WORK INSTRUCTIONS: The entries below are to be reproduced exactly, with their pictures omitted.

[Stored items from a collection]
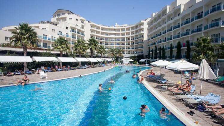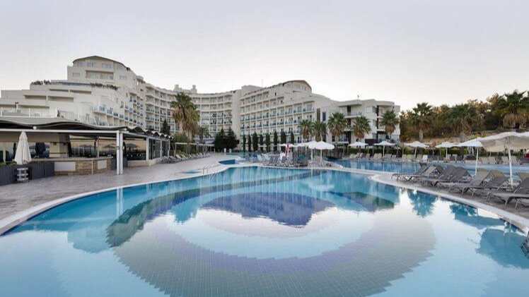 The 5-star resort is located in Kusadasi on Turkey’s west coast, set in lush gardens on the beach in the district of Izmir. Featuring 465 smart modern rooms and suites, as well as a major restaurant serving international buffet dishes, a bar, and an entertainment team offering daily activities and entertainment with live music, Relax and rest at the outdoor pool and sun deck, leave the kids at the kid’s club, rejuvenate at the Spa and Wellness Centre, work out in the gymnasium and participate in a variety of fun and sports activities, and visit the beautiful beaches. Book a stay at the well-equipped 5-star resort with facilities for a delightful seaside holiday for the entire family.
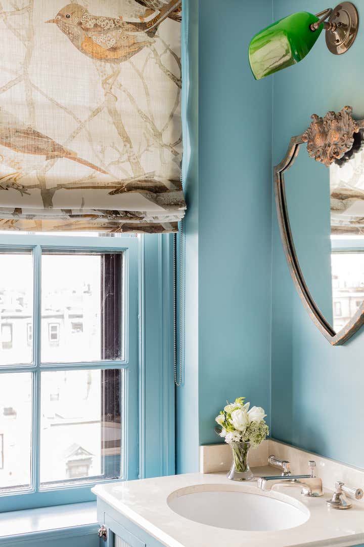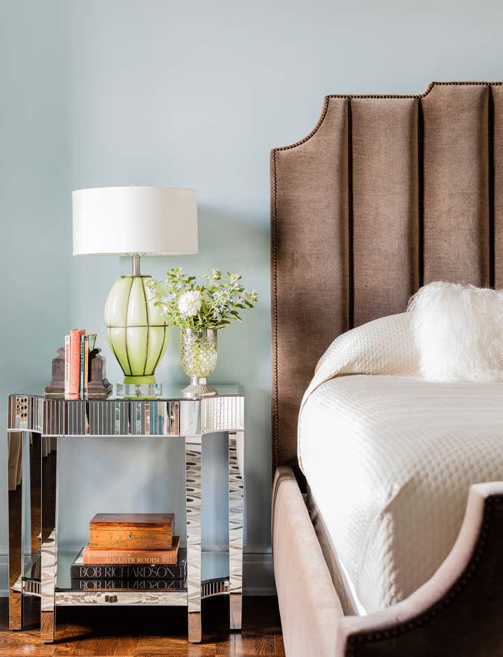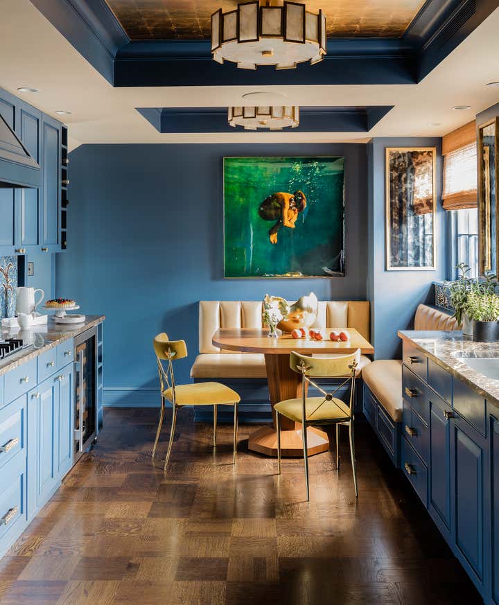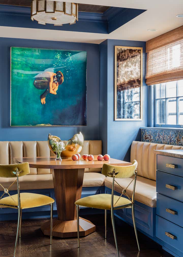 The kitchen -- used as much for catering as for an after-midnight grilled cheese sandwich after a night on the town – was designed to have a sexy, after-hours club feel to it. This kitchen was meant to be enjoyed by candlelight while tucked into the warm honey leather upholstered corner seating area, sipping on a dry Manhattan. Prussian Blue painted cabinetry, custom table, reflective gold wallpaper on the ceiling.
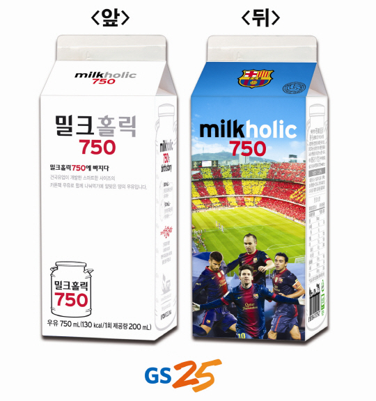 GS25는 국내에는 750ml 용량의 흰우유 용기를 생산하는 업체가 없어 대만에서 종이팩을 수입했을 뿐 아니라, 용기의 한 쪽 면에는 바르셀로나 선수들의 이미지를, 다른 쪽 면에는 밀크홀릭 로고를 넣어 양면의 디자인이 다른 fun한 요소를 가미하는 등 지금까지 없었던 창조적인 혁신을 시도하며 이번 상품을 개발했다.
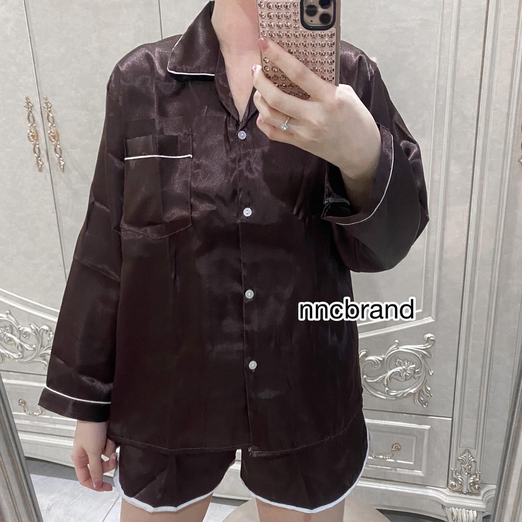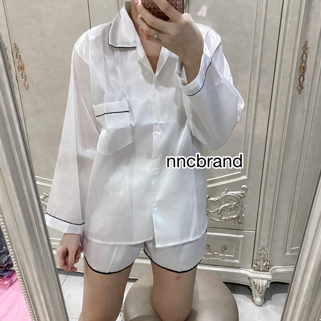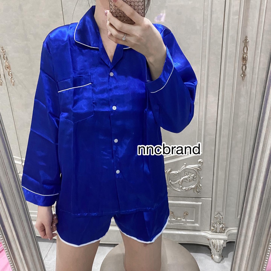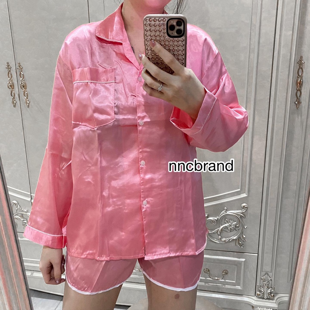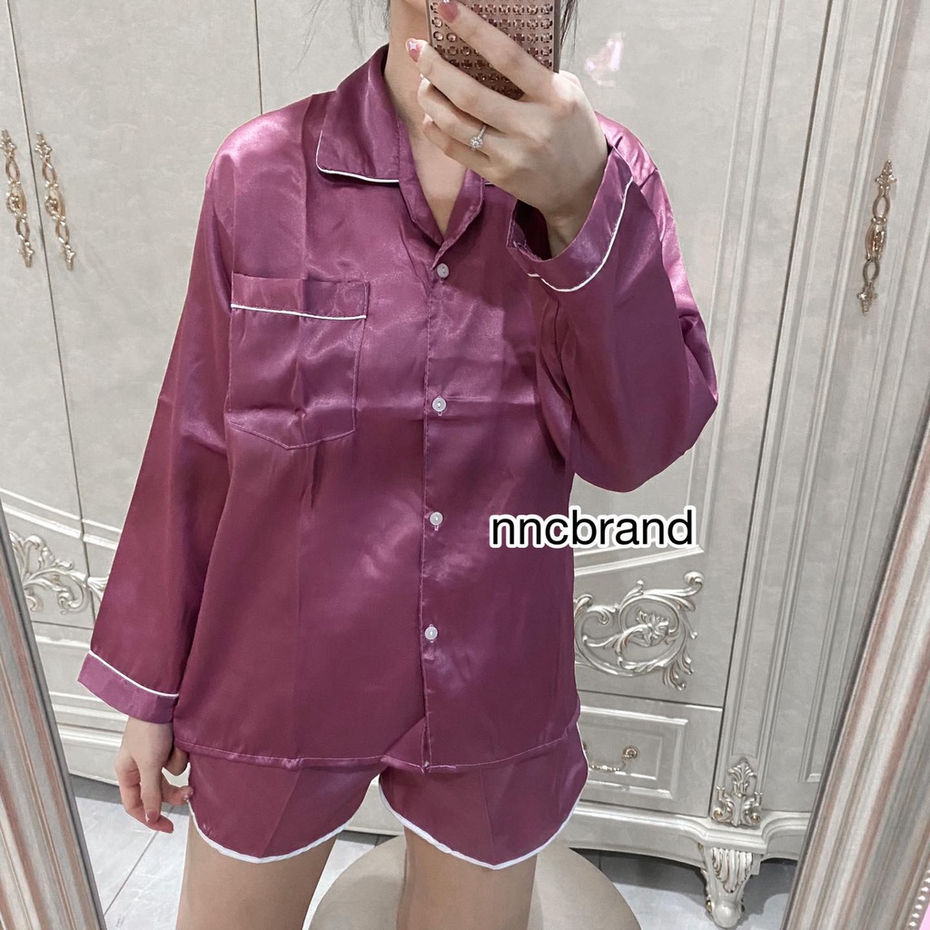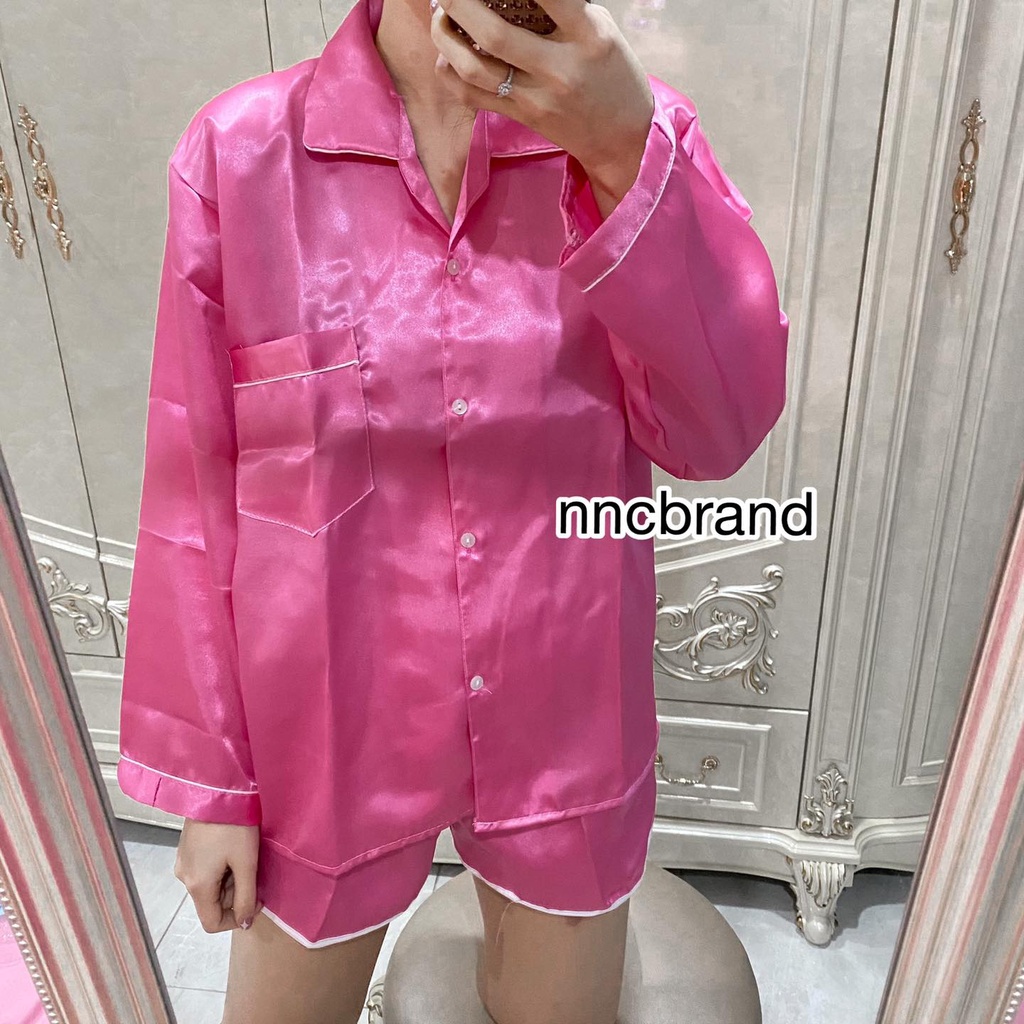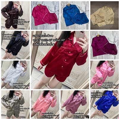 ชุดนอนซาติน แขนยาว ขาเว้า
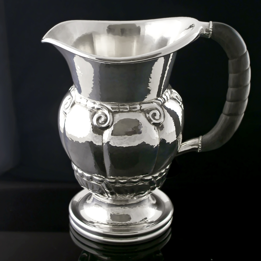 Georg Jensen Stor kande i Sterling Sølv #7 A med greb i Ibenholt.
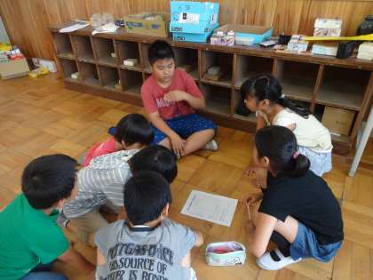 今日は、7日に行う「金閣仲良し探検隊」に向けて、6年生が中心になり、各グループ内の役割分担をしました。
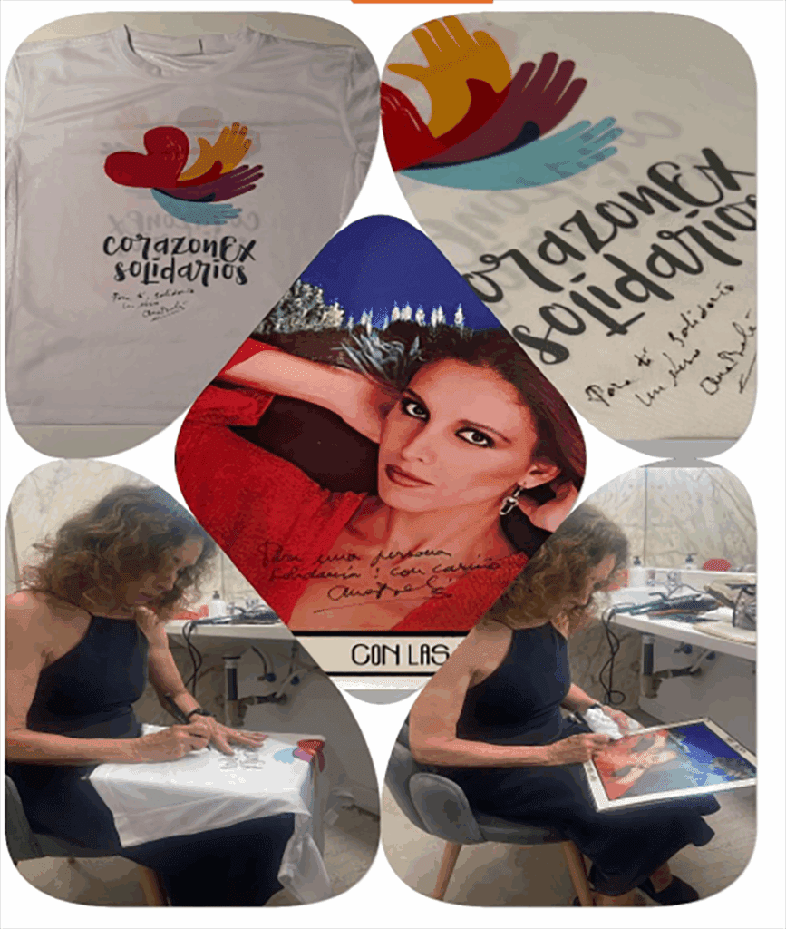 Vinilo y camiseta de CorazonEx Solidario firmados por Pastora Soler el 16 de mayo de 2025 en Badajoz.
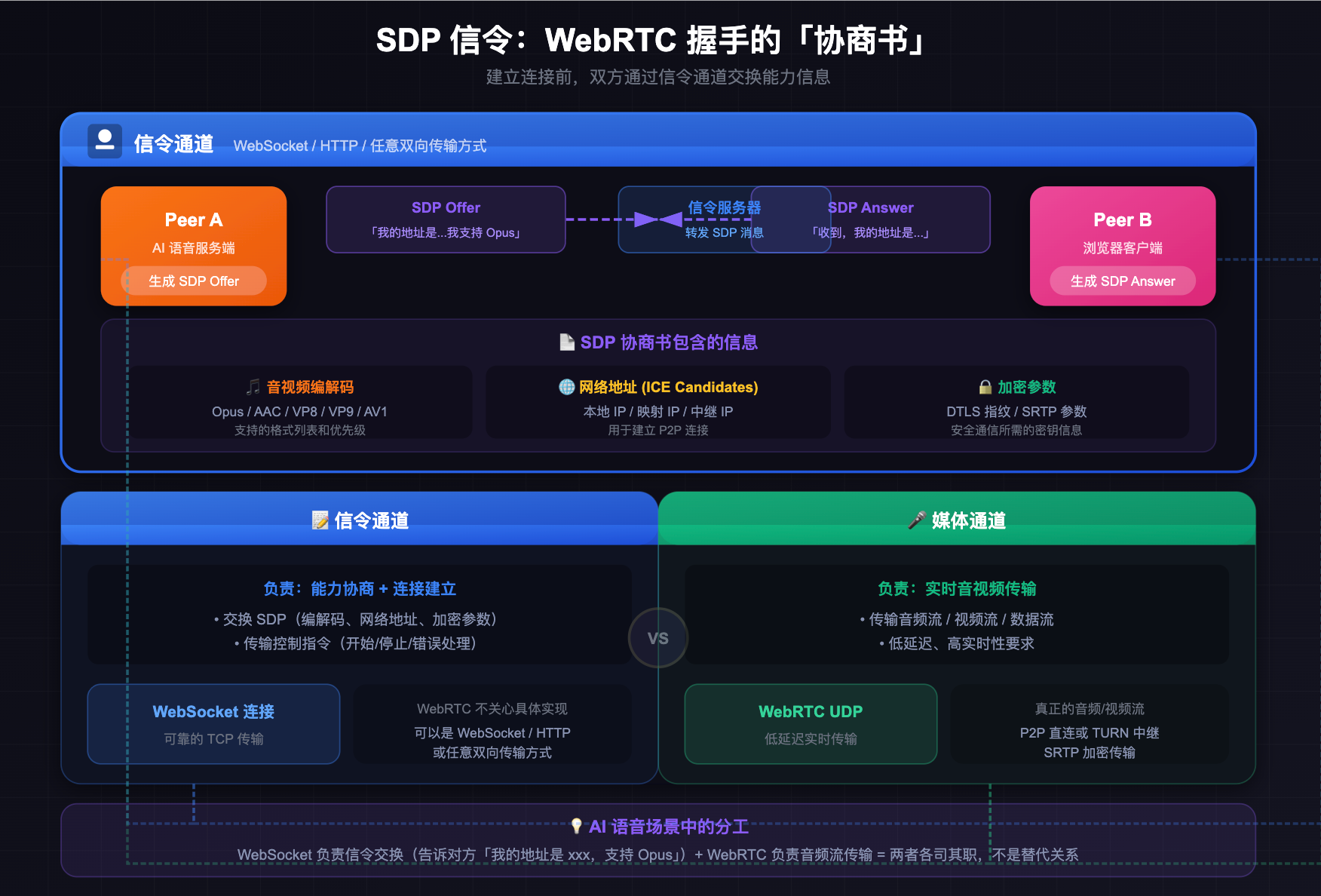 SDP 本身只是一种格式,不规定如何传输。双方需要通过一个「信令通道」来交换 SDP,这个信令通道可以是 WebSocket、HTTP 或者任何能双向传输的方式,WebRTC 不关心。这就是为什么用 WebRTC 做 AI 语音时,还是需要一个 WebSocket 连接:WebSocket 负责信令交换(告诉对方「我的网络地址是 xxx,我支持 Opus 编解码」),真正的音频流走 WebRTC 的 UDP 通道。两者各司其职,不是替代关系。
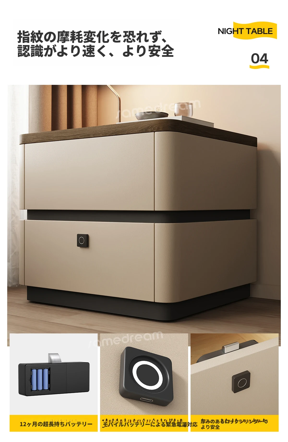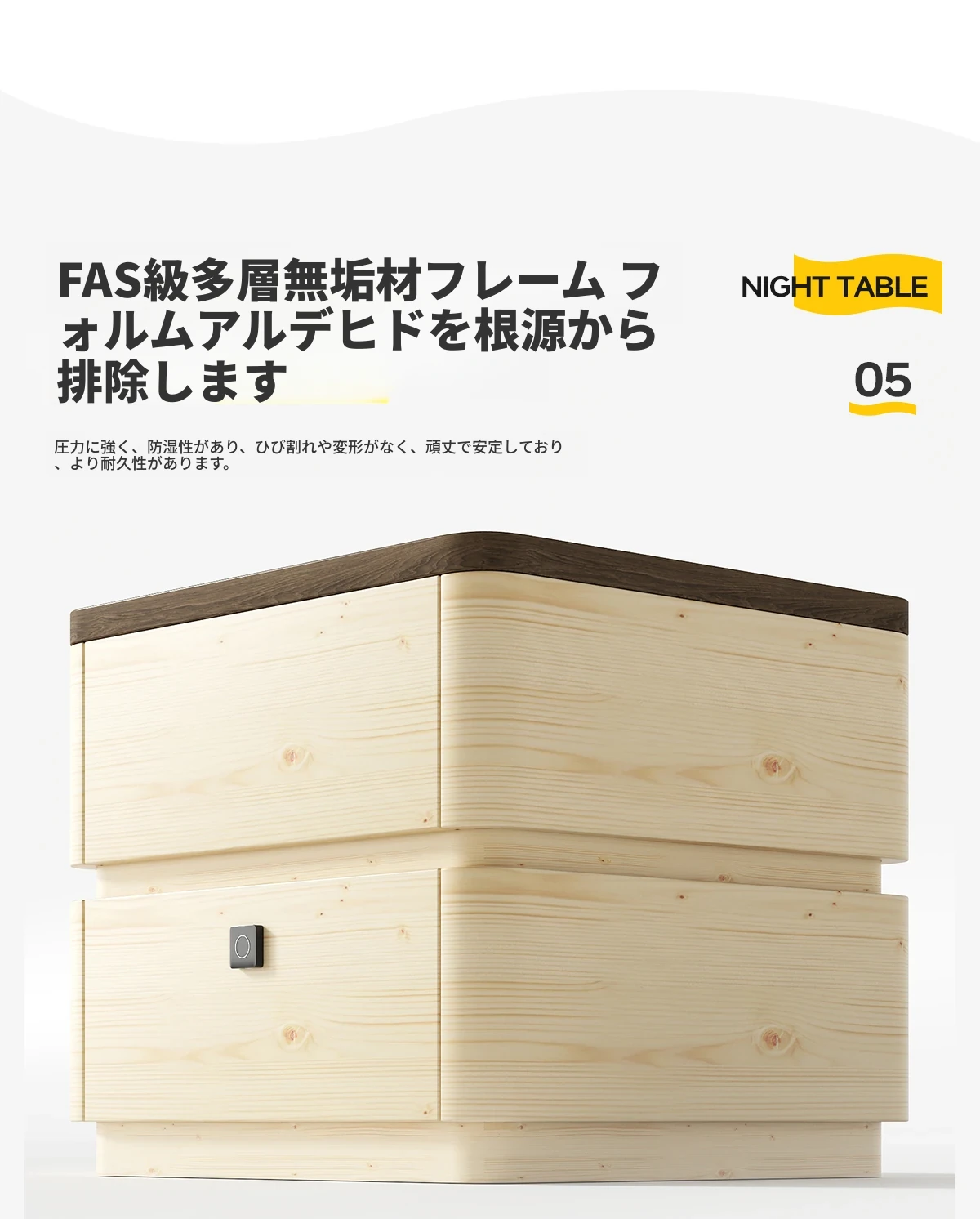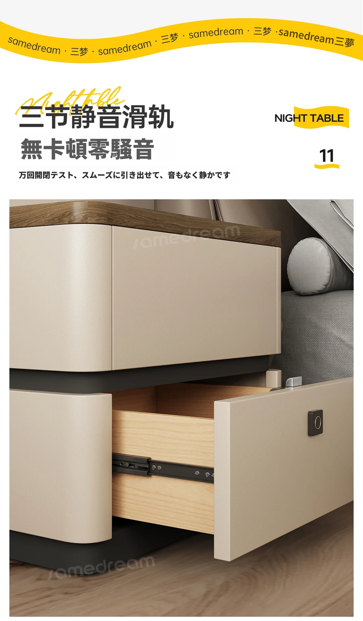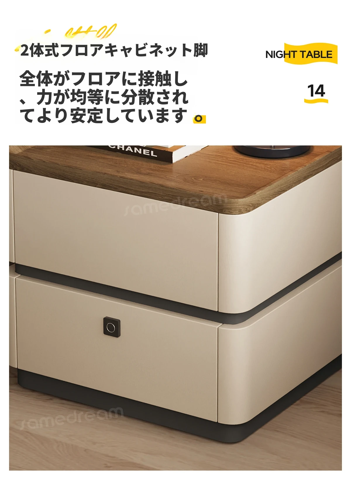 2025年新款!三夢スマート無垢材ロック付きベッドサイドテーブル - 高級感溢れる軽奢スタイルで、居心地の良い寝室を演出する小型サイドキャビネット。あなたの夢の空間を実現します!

SOLUTION TO THE PROBLEM:
 The 5-star resort is located in Kusadasi on Turkey’s west coast, set in lush gardens on the beach in the district of Izmir. Featuring 465 smart modern rooms and suites, as well as a major restaurant serving international buffet dishes, a bar, and an entertainment team offering daily activities and entertainment with live music, Relax and rest at the outdoor pool and sun deck, leave the kids at the kid’s club, rejuvenate at the Spa and Wellness Centre, work out in the gymnasium and participate in a variety of fun and sports activities, and visit the beautiful beaches. Book a stay at the well-equipped 5-star resort with facilities for a delightful seaside holiday for the entire family.
 The kitchen -- used as much for catering as for an after-midnight grilled cheese sandwich after a night on the town – was designed to have a sexy, after-hours club feel to it. This kitchen was meant to be enjoyed by candlelight while tucked into the warm honey leather upholstered corner seating area, sipping on a dry Manhattan. Prussian Blue painted cabinetry, custom table, reflective gold wallpaper on the ceiling.
 GS25는 국내에는 750ml 용량의 흰우유 용기를 생산하는 업체가 없어 대만에서 종이팩을 수입했을 뿐 아니라, 용기의 한 쪽 면에는 바르셀로나 선수들의 이미지를, 다른 쪽 면에는 밀크홀릭 로고를 넣어 양면의 디자인이 다른 fun한 요소를 가미하는 등 지금까지 없었던 창조적인 혁신을 시도하며 이번 상품을 개발했다.
 ชุดนอนซาติน แขนยาว ขาเว้า
 Georg Jensen Stor kande i Sterling Sølv #7 A med greb i Ibenholt.
 今日は、7日に行う「金閣仲良し探検隊」に向けて、6年生が中心になり、各グループ内の役割分担をしました。
 Vinilo y camiseta de CorazonEx Solidario firmados por Pastora Soler el 16 de mayo de 2025 en Badajoz.
 SDP 本身只是一种格式,不规定如何传输。双方需要通过一个「信令通道」来交换 SDP,这个信令通道可以是 WebSocket、HTTP 或者任何能双向传输的方式,WebRTC 不关心。这就是为什么用 WebRTC 做 AI 语音时,还是需要一个 WebSocket 连接:WebSocket 负责信令交换(告诉对方「我的网络地址是 xxx,我支持 Opus 编解码」),真正的音频流走 WebRTC 的 UDP 通道。两者各司其职,不是替代关系。
 2025年新款!三夢スマート無垢材ロック付きベッドサイドテーブル - 高級感溢れる軽奢スタイルで、居心地の良い寝室を演出する小型サイドキャビネット。あなたの夢の空間を実現します!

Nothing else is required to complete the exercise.